The Mets tie up the Series behind 3
HRs
October 22, 1986 ...
The Mets poured it on for the second straight game and rolled to a
6-2 victory at Fenway Park.
Instead of anticipating a victory tonight that would give
the Sox its first World Series title since 1918, the Sox find themselves in a
2-2 tie in the best-of-seven series. The final game at Fenway will be played
tomorrow, and the series then returns to Shea Stadium.

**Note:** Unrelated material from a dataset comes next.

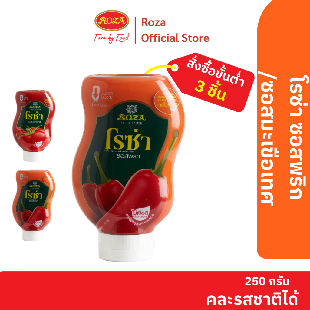 โรซ่า ซอสพริกขวดบีบ Roza Squeeze ขนาด 250 กรัม (คละซอสมะเขือเทศ 250 กรัมได้)

For the second straight night, the Mets got brilliant
pitching to shut down the Red Sox in their own park. The Sox had but four hits,
two of them doubles, as it had trouble coping with the offerings of Mets starter
Ron Darling, who went the first seven innings.
For the second straight night, it was the Mets who unloaded
the heavy artillery, using three homers, two of them by Gary Carter and one by
Len Dykstra, to nail the Sox, who have been everything but productive in their
home park. Carter's first homer was a two-run shot in the fourth off Sox starter
Al Nipper.
Making his first start in 18 days, Nipper had pitched three
scoreless innings. Then he gave up a leadoff single to Wally Backman in the
fourth, and one out later, watched Carter send his first pitch into the
left-field screen.
The Mets scored increased their lead to 3-0 in the inning
on a double by Darryl Strawberry and a single by Ray Knight.
Nipper left after six innings, and the Mets were able to
pick up two insurance runs in the seventh. With Steve Crawford pitching, Mookie
Wilson singled with one out and stole second. After Rafael Santana struck out,
Len Dykstra stroked a two-run homer into the visitors' bullpen. Actually, the
ball was in right fielder Dwight Evans' glove. But, shades of Dave Henderson in
Game 5 of the American League Championship Series, the ball popped out of Evans'
glove and fell over the fence.
Carter added a solo shot off Crawford in the eighth for a
6-0 lead. But in the bottom of the inning, the Sox struck for two runs off New
York reliever Roger McDowell on Evans' run-scoring single and Dave Henderson's
sacrifice fly. After McDowell issued a walk to pinch hitter Mike Greenwell,
lefthander Jesse Orosco ended the threat by retiring Wade Boggs on a grounder to
second with two men on.
But after going 0 for 5 in the Red Sox' 6-2 loss to the
Mets, and seeing his postseason average fall to .212 (10 for 47), the American
League batting champion was anything but amused. In five plate appearances,
Boggs grounded out to the pitcher, hit three fly balls to the outfield and, in
his last at-bat with two men on in the eighth, grounded a 2-0 pitch to
shortstop. As leadoff hitters go, he had a night that led only to dead ends.